- Died: 7 September 1999 Colombo
- Occupation: Chief Editor of Satana
- Spouse: Gayani Pavithra

= Rohana Kumara =

Sri Lankan journalist

Rohana Kumara was a Sri Lankan journalist. He was the chief editor of the pro-opposition Sinhala-language newspaper Satana. He was shot dead while he was travelling home in a taxi after having received a call that his house had been attacked. He was facing a series of defamation cases for writing about government corruption. The Free Media Movement and The Sunday Leader accused Chandrika Kumaratunga's security unit of being behind the attack and murder of Rohana Kumara and shielding the killers.

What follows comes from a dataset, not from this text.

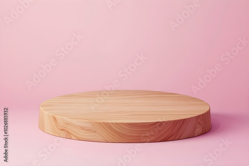 Wood round podium on a pink background. Stand for the presentation of a cosmetics product. 3d empty minimalistic pedestal on a soft background. Template with modern scene for eco design
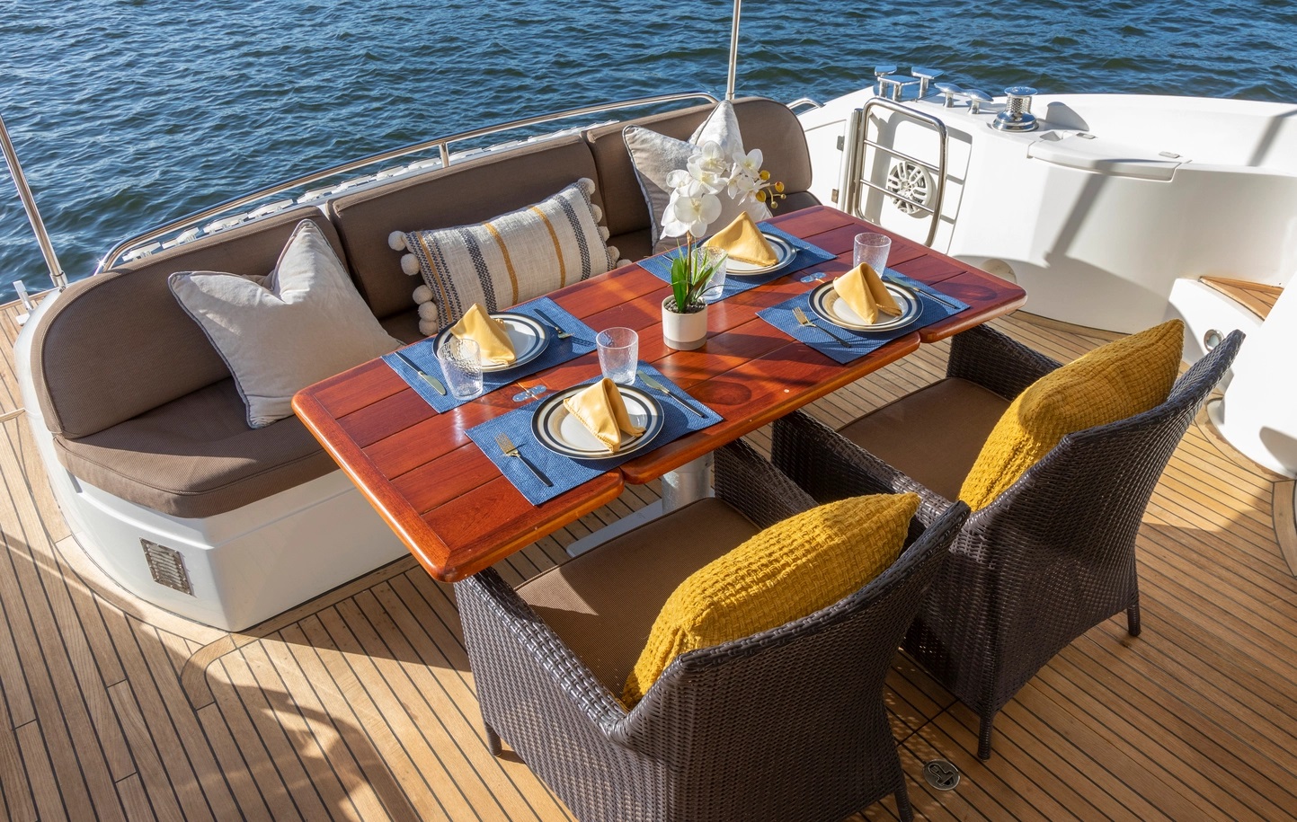 Luxury yacht UNFORGETTABLE is a 22.63m (72’) Sunseeker 72FLY which was delivered in 2006 and underwent a refit in 2022 incorporating new interior design, TVs throughout, Wi-Fi and new teak decking on the aft and flybridge.

Rohana Kumara had been detained earlier in 1996 under the Prevention of Terrorism Act after he reported government losses during Battle of Mullaitivu in 1996, in which the rebel LTTE routed Sri Lankan army, and put up news posters calling for the resignation of Anuruddha Ratwatte the deputy defense minister, who he held responsible for the defeat. The posters stated:

"Who is responsible for the Mullaitivu debacle? Dead bodies in the south.
Ratwatte [Deputy Defence Minister] resign! Read the newspaper Hoo!"

Four other employees of the newspaper were also detained, but they, along with Rohana Kumara, were freed.

Minister Mahinda Wijesekara had openly threatened to kill Satana editor Rohana Kumara, The Sunday Leader editor Lasantha Wickramatunga, and Ravaya editor Victor Ivan for articles about corruption in his ministry in the lobby of the Sri Lankan Parliament.